Update A preferred answer should mention why /when the partitions were added to the end (vs the beginning) of the columns list. We need an understanding of the deterministic ordering.
In addition - is there any way to cause spark to "change it's mind" on the inferred column types? I have had to change the partitions from 0, 1 etc to c0, c1 etc in order to get the inference to map to StringType. Maybe that were required .. but if there were some spark setting to change the behavior that would make for an excellent answer.
When you write.partitionBy(...) Spark saves the partition field(s) as folder(s)
This is can be beneficial for reading data later as (with some file types, parquet included) it can optimize to read data just from partitions that you use (i.e. if you'd read and filter for centroid0==1 spark wouldn't read the other partitions
The effect of this is that the partition fields (centroid0 in your case) are not written into the parquet file only as folder names (centroid0=1, centroid0=2, etc.)
The side effect of these are 1. the type of the partition is inferred at run time (since the schema is not saved in the parquet) and in your case it happened that you only had integer values so it was inferred to integer.
The other side effect is that the partition field is added at the end/beginning of the schema as it reads the schema from the parquet files as one chunk and then it adds to that the partition field(s) as another (again, it is no longer part of the schema that is stored in the parquet)
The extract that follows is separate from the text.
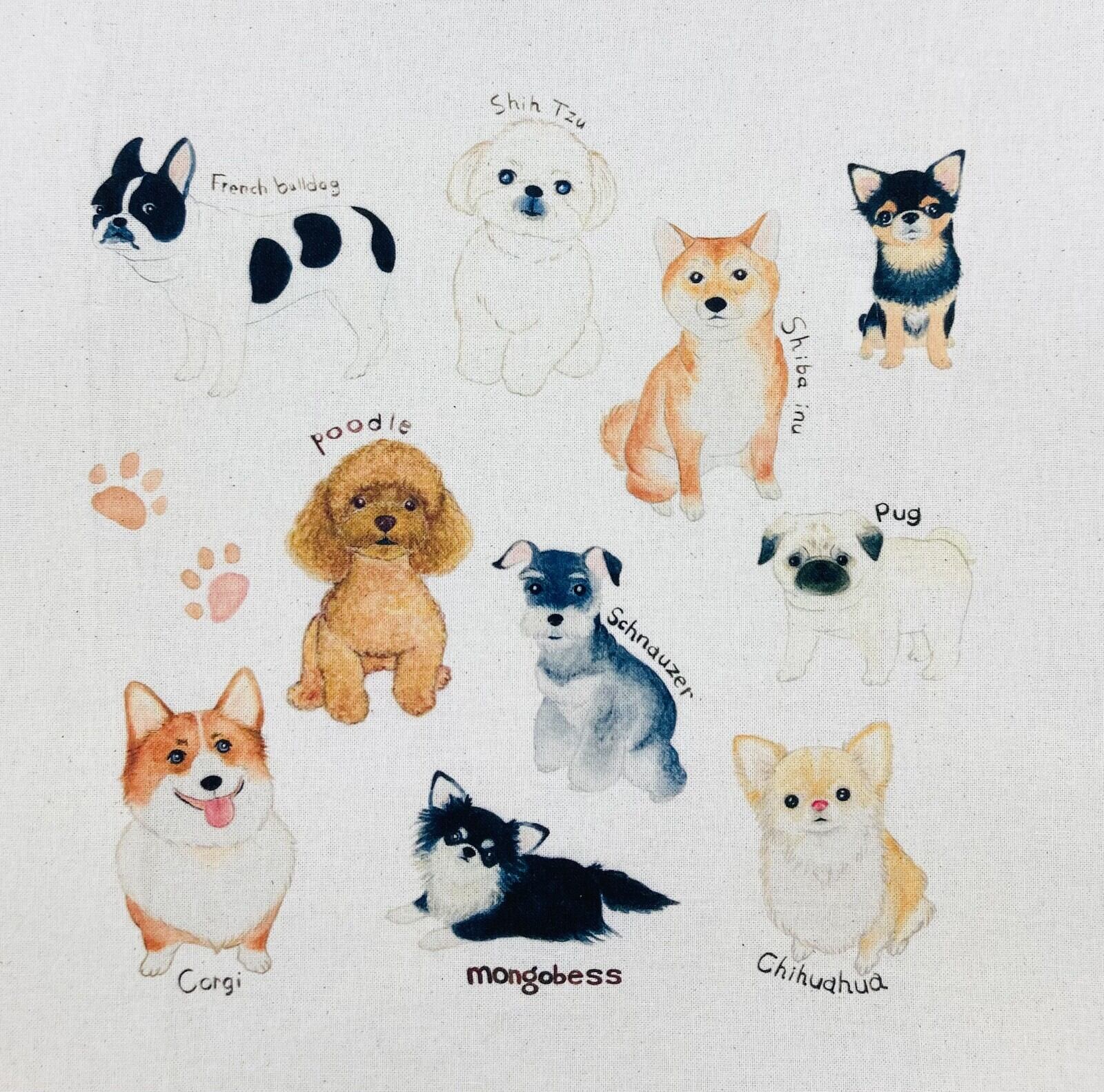 ◎描かれているワンちゃんは、チワワが3匹、シーズー、フレブル、コーギー、トイプー、シュナウザー、パグ、柴犬です。

You can actually pretty easily make use of ordering of the columns of a case class that holds the schema of your partitioned data. You will need to read the data from the path, inside which the partitioning columns are stored underneath to make Spark infer the values of these columns. Then simply apply re-ordering by using the case class schema with a statement like:
val encoder: Encoder[RecordType] = Encoders.product[RecordType]
spark.read
.schema(encoder.schema)
.format("parquet")
.option("mergeSchema", "true")
.load(myPath)
// reorder columns, since reading from partitioned data, the partitioning columns are put to end
.select(encoder.schema.fieldNames.head, encoder.schema.fieldNames.tail: _*)
.as[RecordType]
The reason is in fact pretty simple. When you partition by a column, each partition can only contain one value of the said column. Therefore it is useless to actually write the same value everywhere in the file, and this is why Spark does not. When the file is read, Spark uses the information contained in the names of the files to reconstruct the partitioning column and it is put at the end of the schema. The type of the column is not stored, it is inferred when reading, hence the integer type in your case.
NB: There is no particular reason as to why the column is added at the end. It could have been at the beginning. I guess it is just an arbitrary choice of implementation.
To avoid losing the type and the order of the columns, you could duplicate the partitioning column like this df.withColumn("X", 'YOUR_COLUMN).write.partitionBy("X").parquet("...").
You will waste space though. Also, spark uses the partitioning to optimize filters for instance. Don't forget to use the X column for filters after reading the data and not your column or Spark won't be able to perform any optimizations.